Rebuilding Shattered Worlds: Creating Community by Voicing the Past
- Cover
- Author: Andrea L. Smith and Anna Eisenstein
- Language: English
- Series: Anthropology of Contemporary North America
- Subject: Anthropology
- Genre: Non-fiction
- Publisher: University of Nebraska Press
- Publication date: October 2016
- Publication place: United States
- Media type: Paperback
- Pages: 190
- ISBN: 978-0-8032-9058-7
- Followed by: Memory Wars: Settlers and Natives Remember Washington's Sullivan Expedition of 1779

= Rebuilding Shattered Worlds: Creating Community by Voicing the Past =

2016 book by Andrea L. Smith and Anna Eisenstein

Rebuilding Shattered Worlds: Creating Community by Voicing the Past is a 2016 book by Andrea L. Smith and Anna Eisenstein, published by the University of Nebraska Press and is part of its Anthropology of Contemporary North America Series.

== Summary ==
The book examines the lasting impact of the destruction of Syrian Town, a diverse neighborhood in Easton, Pennsylvania, due to urban renewal projects. The book is based on six years of ethnographic research and focuses on how elderly former residents use language and memory to connect with their lost community. It delves into themes of blight, race, and the significance of place, emphasizing the interplay of linguistic and material remnants in the process of remembering. The authors employ methods from linguistic anthropology and material studies to explore how expressions of "pastness" help maintain a sense of identity and continuity. The book highlights the role of collective memory in sustaining community ties despite physical dislocation.

== Critical reception ==
In his review, Michael Silverstein presented a critical and analytical perspective on the ethnographic project undertaken in the book. Silverstein acknowledged the authors' innovative approach to memory ethnography, which departs from traditional studies of public monuments and ritual commemorations to focus on the aggregated historical consciousness of individuals affected by urban renewal in Easton, Pennsylvania. He appreciated the methodological rigor and the narrative depth that bring the dispersed memories of Easton's "Syrian Town" into a collective biography, capturing the socio-economic and cultural fabric of the neighborhood before its destruction. Silverstein highlighted the book's exploration of narrative diversity and temporal heteroglossia, and appreciated how memorabilia and personal testimonies recover the subjective experiences of former residents. Silverstein recognized the book's contribution to understanding the impacts of urban renewal on marginalized communities and its potential to influence political consciousness through ethnographic storytelling.

Michael Strong acknowledged the thoroughness of the ethnographic research methods employed, which included extensive fieldwork and innovative engagement through a community anthropology course. He critiqued the book for its inadequate geographical description of Syrian Town, despite the importance placed on place knowledge for effective communication. Strong pointed out missed opportunities for deeper geographic insights, which could have enhanced the text's impact on readers, particularly geographers. He also noted that while the book provides valuable perspectives on place and language, it falls short in clearly connecting nostalgia and memory to political action in the context of urban renewal, leaving potential public policy implications under-explored.

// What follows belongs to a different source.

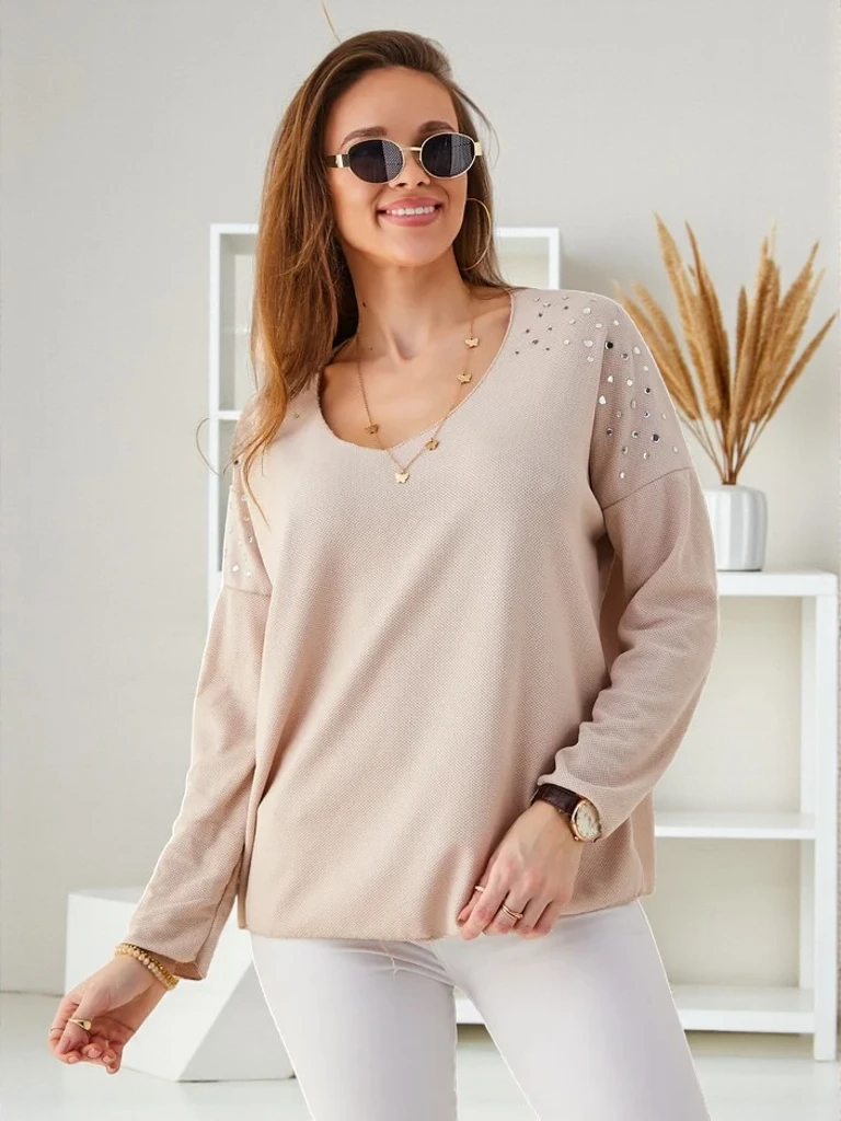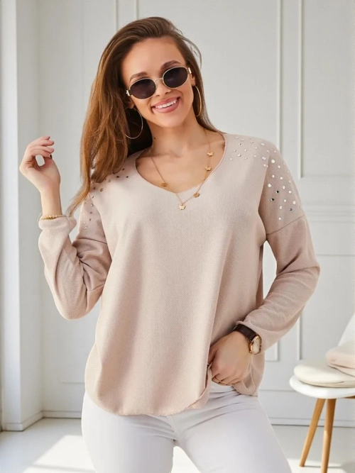 • Жіночий светр з V-подібним вирізом з приємної тканини. Модель має довгі рукава. Вона прикрашена стразами на плечах. Ідеальна база для зимових образів!

Anthropologist Alex Ruuska from Northern Michigan University emphasized the ethnographic approach taken by the authors, who conducted a six-year study to gather and interpret the dispersed memories of Easton's historically integrated interethnic neighborhood, Syrian Town. Ruuska commended the detailed narrative diversity and the critical analysis of themes such as place loss, the language of blight, and nostalgia as a driving force for change. The review also touched upon broader theoretical concerns, such as Saskia Sassen's concept of the "logic of expulsion," and how the spatial privileging of a few leads to widespread social and economic exclusion. Ruuska said that Smith and Eisenstein effectively argued for the resilience of social memory and community practices despite top-down regulations, using Easton's gentrified neighborhood as a case study.